[Task to carry out]: Retype the opening lines of the data exactly, stopping after the line that contains "KEEPS ESSENTIALS ORGANIZED". Skip every picture.

[Information provided]:
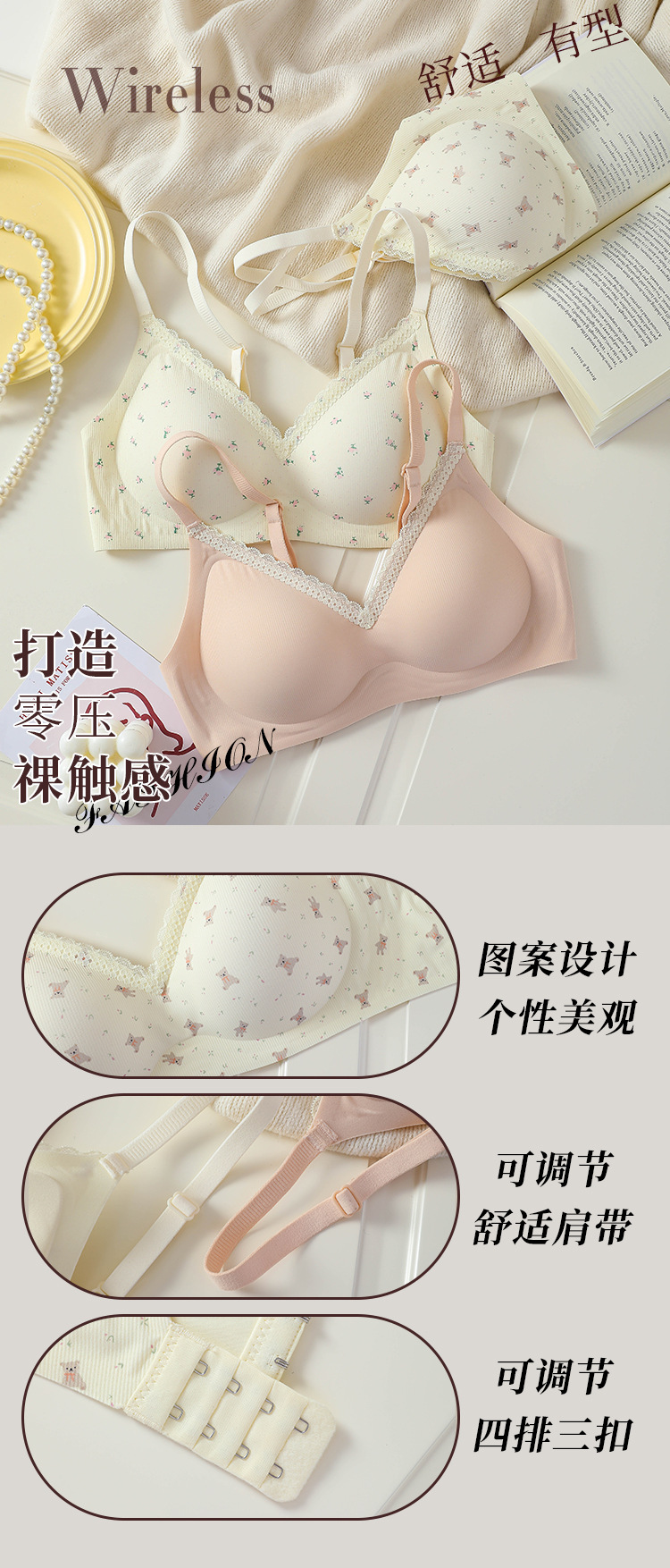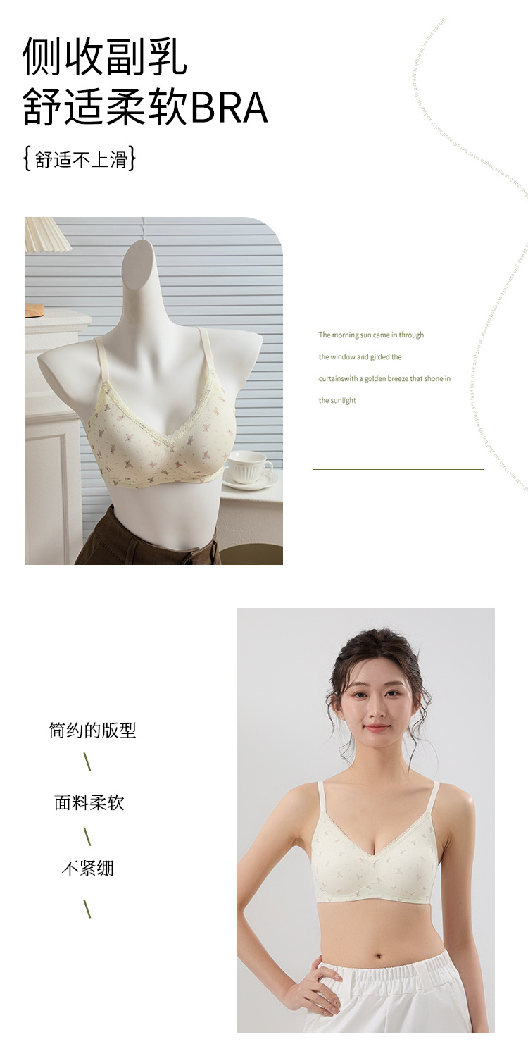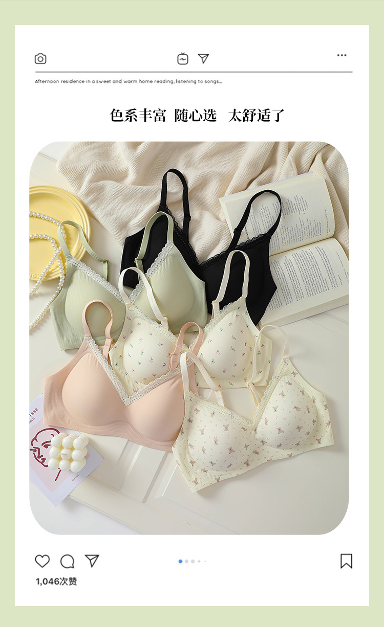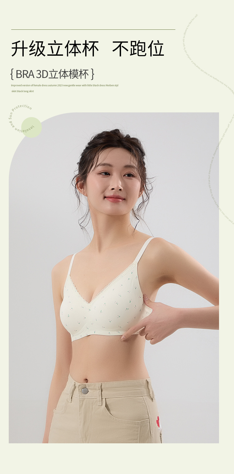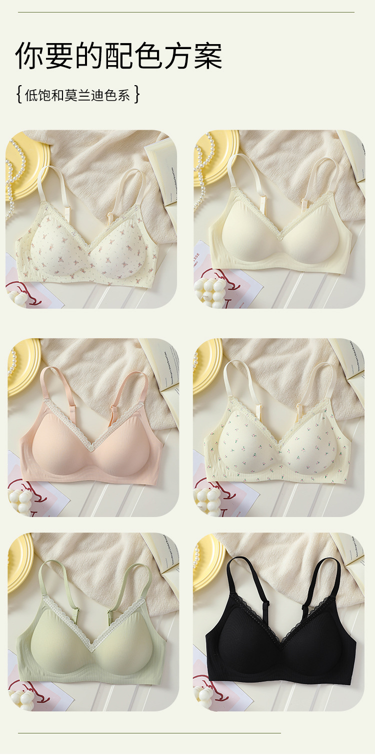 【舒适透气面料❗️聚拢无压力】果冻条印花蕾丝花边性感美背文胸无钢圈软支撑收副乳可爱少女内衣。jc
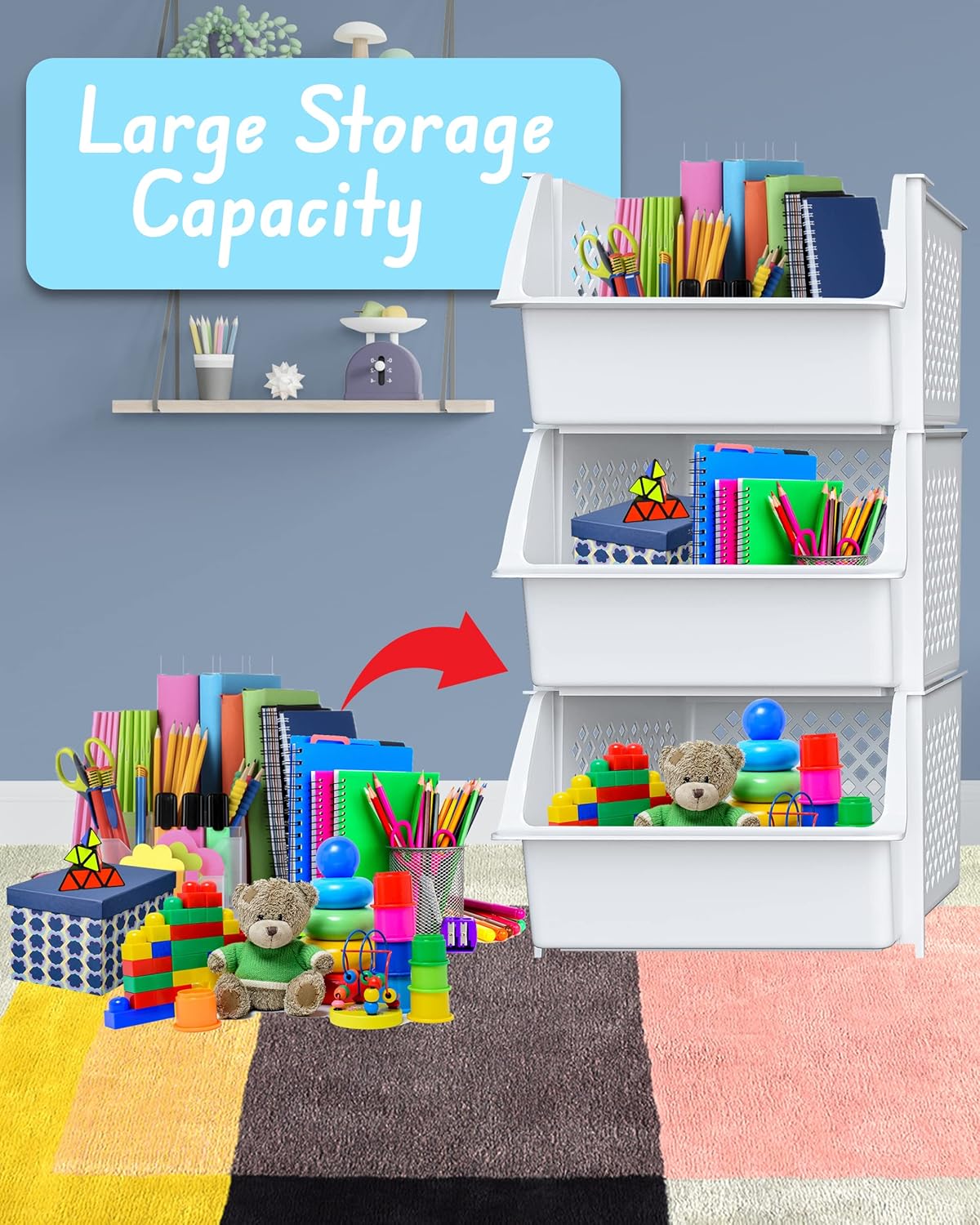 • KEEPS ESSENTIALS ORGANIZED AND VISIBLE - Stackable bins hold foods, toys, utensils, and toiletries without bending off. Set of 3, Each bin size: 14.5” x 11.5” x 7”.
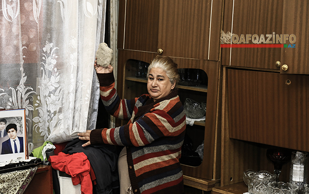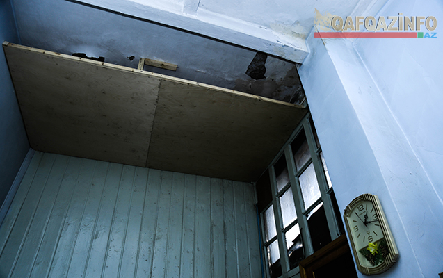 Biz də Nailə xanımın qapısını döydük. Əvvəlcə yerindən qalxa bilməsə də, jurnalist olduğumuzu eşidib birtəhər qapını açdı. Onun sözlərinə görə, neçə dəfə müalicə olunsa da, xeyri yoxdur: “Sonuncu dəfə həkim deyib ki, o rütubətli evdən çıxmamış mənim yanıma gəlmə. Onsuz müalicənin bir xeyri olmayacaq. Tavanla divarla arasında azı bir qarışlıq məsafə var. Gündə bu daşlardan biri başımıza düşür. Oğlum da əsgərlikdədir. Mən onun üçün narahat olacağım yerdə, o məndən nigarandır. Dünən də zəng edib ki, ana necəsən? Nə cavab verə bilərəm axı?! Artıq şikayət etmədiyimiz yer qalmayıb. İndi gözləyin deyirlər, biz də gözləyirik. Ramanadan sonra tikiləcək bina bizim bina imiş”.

[Exercise answer]:
 【舒适透气面料❗️聚拢无压力】果冻条印花蕾丝花边性感美背文胸无钢圈软支撑收副乳可爱少女内衣。jc
 • KEEPS ESSENTIALS ORGANIZED AND VISIBLE - Stackable bins hold foods, toys, utensils, and toiletries without bending off. Set of 3, Each bin size: 14.5” x 11.5” x 7”.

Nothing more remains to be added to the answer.